**Exercise requirements**
Before you write out the listing, remove the pictures; everything else stays exactly as it is.
Supplied information below:
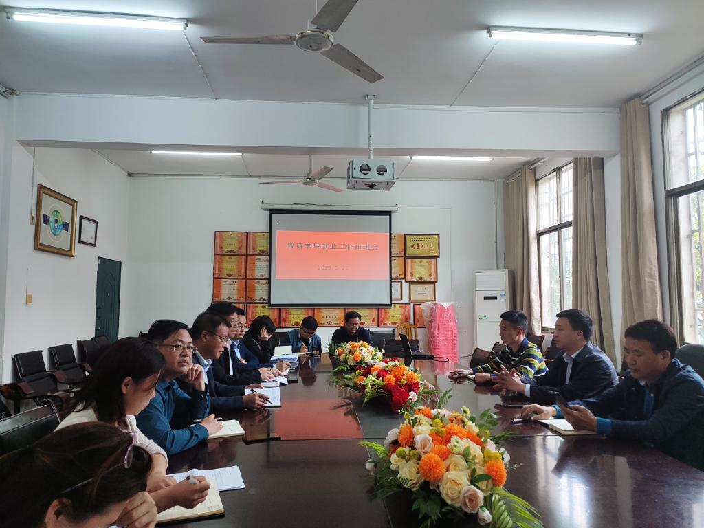 5月22日下午,副校长曹鑫一行到教育学院调研指导就业工作并召开座谈会。创新创业学院副院长刘盛愚、科长奉晓波,教育学院党政领导班子成员、教研室主任、毕业班班主任、就业专干与会。
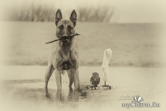 Пока не увидишь эти снимки овчарки Инго и совы Польди от Тани Брандт, профессионального фотографа из Германии. Попробуй заставь так позировать животных, если они не чувствуют себя уютно и гармонично друг с другом.
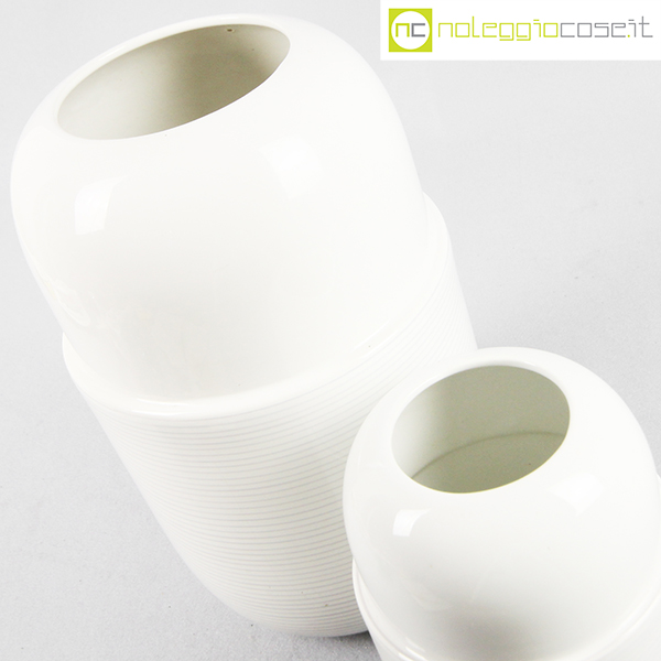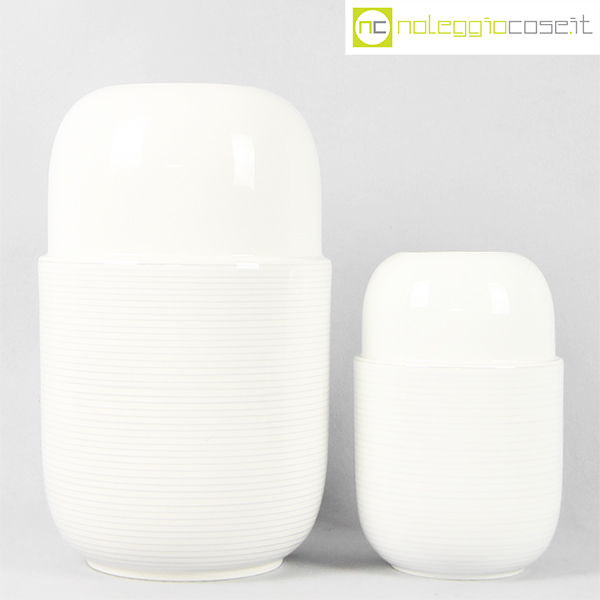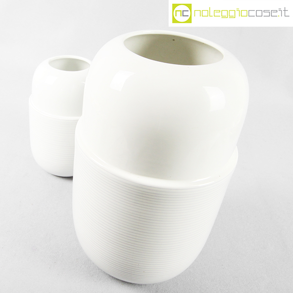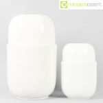 Ceramiche Munari, coppia di vasi bianchi, 1980, grande cm 19x19x30,5, piccolo cm 13x13x20
End of Supplied information.
**Response**
 5月22日下午,副校长曹鑫一行到教育学院调研指导就业工作并召开座谈会。创新创业学院副院长刘盛愚、科长奉晓波,教育学院党政领导班子成员、教研室主任、毕业班班主任、就业专干与会。
 Пока не увидишь эти снимки овчарки Инго и совы Польди от Тани Брандт, профессионального фотографа из Германии. Попробуй заставь так позировать животных, если они не чувствуют себя уютно и гармонично друг с другом.
 Ceramiche Munari, coppia di vasi bianchi, 1980, grande cm 19x19x30,5, piccolo cm 13x13x20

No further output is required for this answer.